• [WHAT YOU NEED TO DO] Reproduce, exactly and in full, the lines from the one with "智能晾衣机是智能家居必备的入" through the one with "FIELDOOR ワンタッチタープテント 3m" in the data below; drop pictures.

• [WORKING DATA]
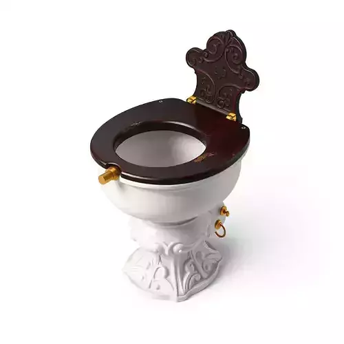 This exquisitely detailed 3D model presents a luxurious Victorian-style toilet, perfect for adding a touch of vintage elegance to any digital environment. The design features a pristine white ceramic bowl, intricately adorned with elaborate scrollwork and decorative motifs on its pedestal base, reminiscent of classical baroque aesthetics. Complementing the ceramic, the toilet seat and a high, carved backrest are crafted from rich, dark wood, showcasing fine grain and delicate relief carvings. Subtle distressed gold accents on the wood and polished brass hardware, including the ornate hinges and a functional-looking flush lever, enhance its antique charm and opulence. This model is ideal for high-fidelity architectural visualizations of historical or upscale interiors, period-accurate game environments, cinematic renders, or immersive virtual reality (VR) and augmented reality (AR) experiences requiring exceptional visual quality. Its meticulously crafted PBR textures ensure realistic material representation under various lighting conditions, providing stunning visual realism. The clean topology and UV unwrapped meshes make it ready for easy integration into your projects. While suitable for static renderings and close-up shots due to its high level of detail, it could also serve as a hero asset in real-time applications, potentially requiring LODs for broader use. Supported file formats include GLB, OBJ, FBX, USD, DAE, ABC, PLY, and STL, ensuring broad compatibility across various 3D software and engines.
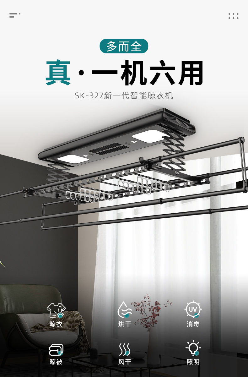 智能晾衣机是智能家居必备的入门级单品,价格不高但所带来的功能体验是过往手动式晾衣架无法实现的,旧式落地晾衣架占地面积大导致用户阳台空间被占用,无法真正体现阳台所带来的独立空间。而手摇晾衣架尽管能为用户腾出空间,却需要优质的采光才能保证衣物得到充分晾晒,对于老人小孩来说手摇更是费力费时。晒客智能晾衣机SK-327除基础的电动升降和照明以外,核心升级配备消毒、风干烘干、App智联等功能。其中高达99%杀菌率的消毒灯仿太阳光紫外线对衣物进行物理除菌,在抗疫期间常出入公共场合也不担心衣物细菌残留;风干烘干功能轻松带走衣物的湿气和异味,让晾晒不再受限于多变的天气。
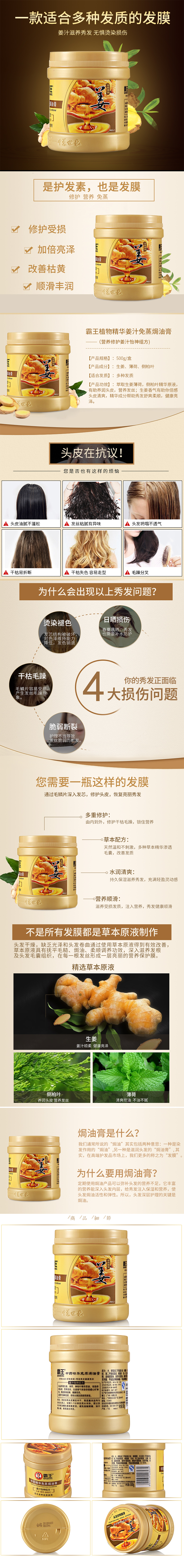 霸王(BAWANG)植物精华免蒸焗油膏(姜汁怡神组方)10101021626 500g(单位:瓶) 琥珀色
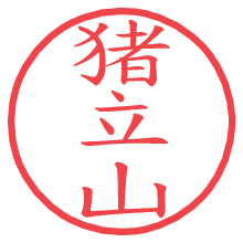 [朱肉の色]を選び、入力窓に“猪立山”と入力して[生成]ボタンを押すと、印影が更新され、リンクから電子印鑑(デジタル印影)がダウンロードできます。 電子印鑑「猪立山」の作り方文字表示が変なときや、文字バランスが悪いときは[字形切替]のチェックボックスでON/OFFを切り替え[生成]しなおしてください。 生成される画像は通常の印影「猪立山.png」と、にじみを表現した少し太めの印影「猪立山B.png」の背面透過PNG形式2種と、鮮明なPDF形式の印影「猪立山.pdf」の計3種類です。 朱肉の微妙な色の違いを7色で表現しました。デフォルト(左端)は、JISが定めた朱肉の色のマンセル値(7.5R 5/14)をRGB値(217,66,54)に変換したものになっています。 「電子透かし」にチェックを入れて[生成]ボタンを押すと、タイムスタンプを電子透かしとして埋め込んだセキュアな電子印鑑が作れます。詳細は別ページの「タイムスタンプと電子透かし」でご覧ください。 猪立山さんの日付印が作れます。「日付スタンプメーカー」は、社内向けの書類に利用されることの多い日付印(データ印)が無料で作れるWebアプリケーションです。中段に日付が入り、上段と下段は、ともに8文字まで文字が入ります。 ![]() 古代文字で落款印が作れます。「落款スタンプメーカー」で作品を引き立たせる落款印が作れます。
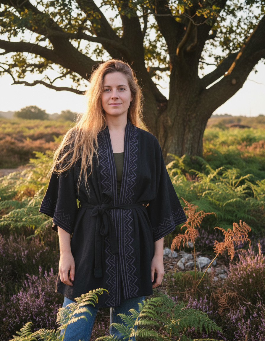 Entdecke die Kimono Jacke aus natürlicher Rohbaumwolle in einem zarten Salbei Pastellton mit verspielten Mustern. Diese Jacke ist mehr als nur ein Kleidungsstück – sie ist ein treuer Begleiter in deinem Alltag, der dir Freiheit und Stil zugleich schenkt. Die weiche Rohbaumwolle verleiht der Jacke eine einzigartige, natürliche Struktur, die nicht nur gut aussieht, sondern auch dafür sorgt, dass deine Haut atmen kann.
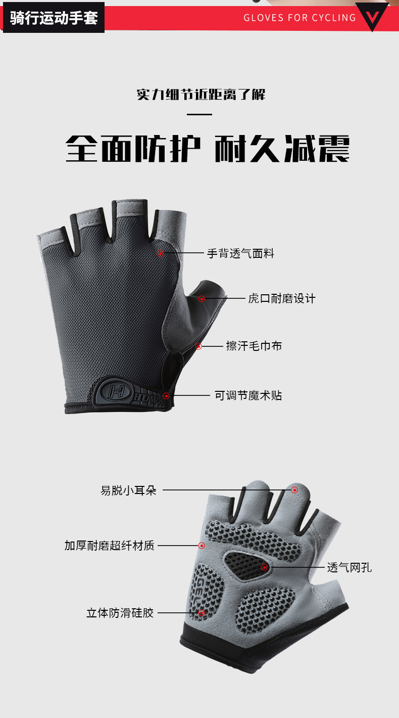 运动半指手套男女户外骑行健身透气减震防滑户外露指登山半截手套
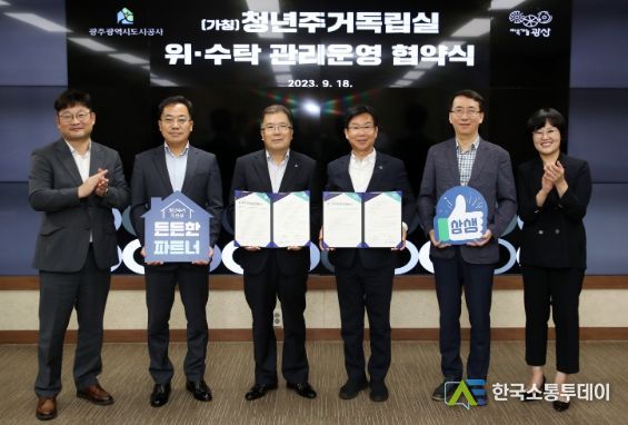 광산구는 18일 구청 2층 상황실에서 광주도시공사와 (가칭)‘청년주거독립실' 사업 추진을 위한 위·수탁 관리 운영 협약을 체결했다.
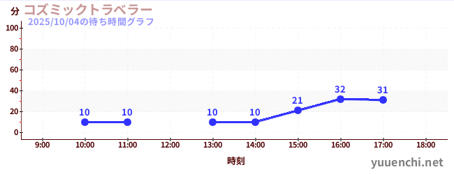 2025/10/04の待ち時間グラフ (コズミックトラベラー)
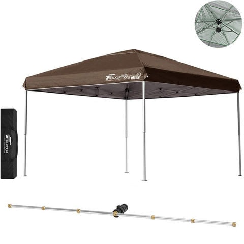 FIELDOOR ワンタッチタープテント 3m (標準:ダークブラウン/スチール/強化版サイドフレーム/4点脚ロック/Cミストシャワー付) 屋根柱 強化フレームモデル テント タープ 300 ワンタッチテント 大型 UVカット 撥水 日よけ プール イベント アウトドア キャンプ BBQ 送料無料
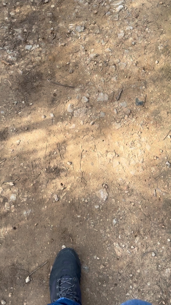 The image shows a close-up view of a dirt path with a single shoe visible, suggesting someone is walking or hiking. The ground is uneven and covered with small rocks and pebbles, indicating a natural, possibly rural setting. Sunlight filters through, casting shadows on the path, which adds a warm and tranquil mood to the scene. The shoe appears to be a hiking boot, suggesting the person is on a trail or outdoor adventure. The overall context implies a casual, relaxed exploration of nature.
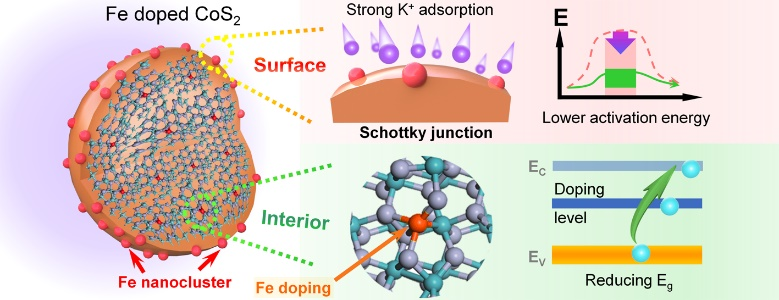 近日,伟德betvlctor1949源于英国林英武教授团队和中南大学欧星副教授、吉林师范大学冯明教授合作,针对电极材料金属硫族化合物的动力学性能差的问题,设计了一种新型界面改性的硫化钴材料(见图例)。该材料可用作钾离子电池负极,在5 A/g的超高电流密度下,实现了8100圈的超长循环。
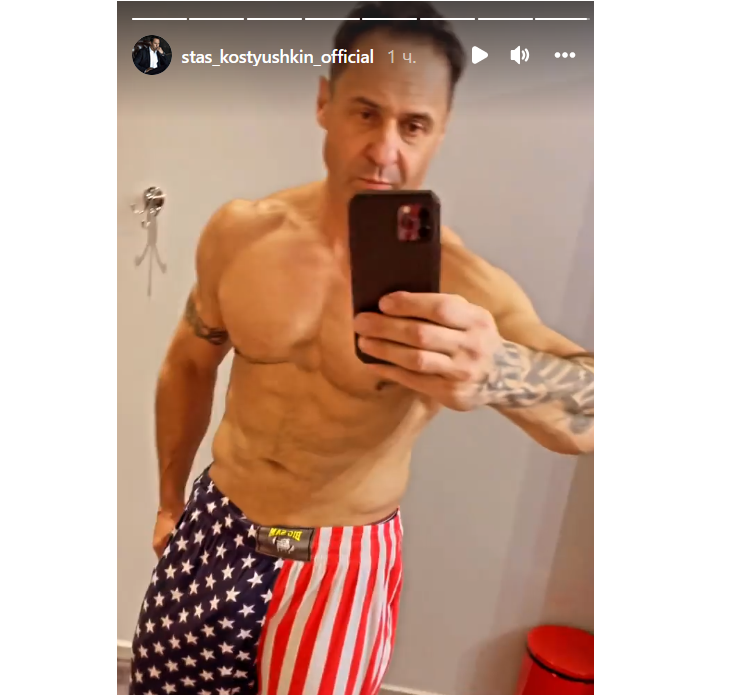 50-летний артист запечатлелся «без фотошопа», чтобы продемонстрировать обнаженный торс. Костюшкин позирует в штанах с принтом американского флага, показывая накачанный пресс.

• [RESPONSE BOX]
 智能晾衣机是智能家居必备的入门级单品,价格不高但所带来的功能体验是过往手动式晾衣架无法实现的,旧式落地晾衣架占地面积大导致用户阳台空间被占用,无法真正体现阳台所带来的独立空间。而手摇晾衣架尽管能为用户腾出空间,却需要优质的采光才能保证衣物得到充分晾晒,对于老人小孩来说手摇更是费力费时。晒客智能晾衣机SK-327除基础的电动升降和照明以外,核心升级配备消毒、风干烘干、App智联等功能。其中高达99%杀菌率的消毒灯仿太阳光紫外线对衣物进行物理除菌,在抗疫期间常出入公共场合也不担心衣物细菌残留;风干烘干功能轻松带走衣物的湿气和异味,让晾晒不再受限于多变的天气。
 霸王(BAWANG)植物精华免蒸焗油膏(姜汁怡神组方)10101021626 500g(单位:瓶) 琥珀色
 [朱肉の色]を選び、入力窓に“猪立山”と入力して[生成]ボタンを押すと、印影が更新され、リンクから電子印鑑(デジタル印影)がダウンロードできます。 電子印鑑「猪立山」の作り方文字表示が変なときや、文字バランスが悪いときは[字形切替]のチェックボックスでON/OFFを切り替え[生成]しなおしてください。 生成される画像は通常の印影「猪立山.png」と、にじみを表現した少し太めの印影「猪立山B.png」の背面透過PNG形式2種と、鮮明なPDF形式の印影「猪立山.pdf」の計3種類です。 朱肉の微妙な色の違いを7色で表現しました。デフォルト(左端)は、JISが定めた朱肉の色のマンセル値(7.5R 5/14)をRGB値(217,66,54)に変換したものになっています。 「電子透かし」にチェックを入れて[生成]ボタンを押すと、タイムスタンプを電子透かしとして埋め込んだセキュアな電子印鑑が作れます。詳細は別ページの「タイムスタンプと電子透かし」でご覧ください。 猪立山さんの日付印が作れます。「日付スタンプメーカー」は、社内向けの書類に利用されることの多い日付印(データ印)が無料で作れるWebアプリケーションです。中段に日付が入り、上段と下段は、ともに8文字まで文字が入ります。 ![]() 古代文字で落款印が作れます。「落款スタンプメーカー」で作品を引き立たせる落款印が作れます。
 Entdecke die Kimono Jacke aus natürlicher Rohbaumwolle in einem zarten Salbei Pastellton mit verspielten Mustern. Diese Jacke ist mehr als nur ein Kleidungsstück – sie ist ein treuer Begleiter in deinem Alltag, der dir Freiheit und Stil zugleich schenkt. Die weiche Rohbaumwolle verleiht der Jacke eine einzigartige, natürliche Struktur, die nicht nur gut aussieht, sondern auch dafür sorgt, dass deine Haut atmen kann.
 运动半指手套男女户外骑行健身透气减震防滑户外露指登山半截手套
 광산구는 18일 구청 2층 상황실에서 광주도시공사와 (가칭)‘청년주거독립실' 사업 추진을 위한 위·수탁 관리 운영 협약을 체결했다.
 2025/10/04の待ち時間グラフ (コズミックトラベラー)
 FIELDOOR ワンタッチタープテント 3m (標準:ダークブラウン/スチール/強化版サイドフレーム/4点脚ロック/Cミストシャワー付) 屋根柱 強化フレームモデル テント タープ 300 ワンタッチテント 大型 UVカット 撥水 日よけ プール イベント アウトドア キャンプ BBQ 送料無料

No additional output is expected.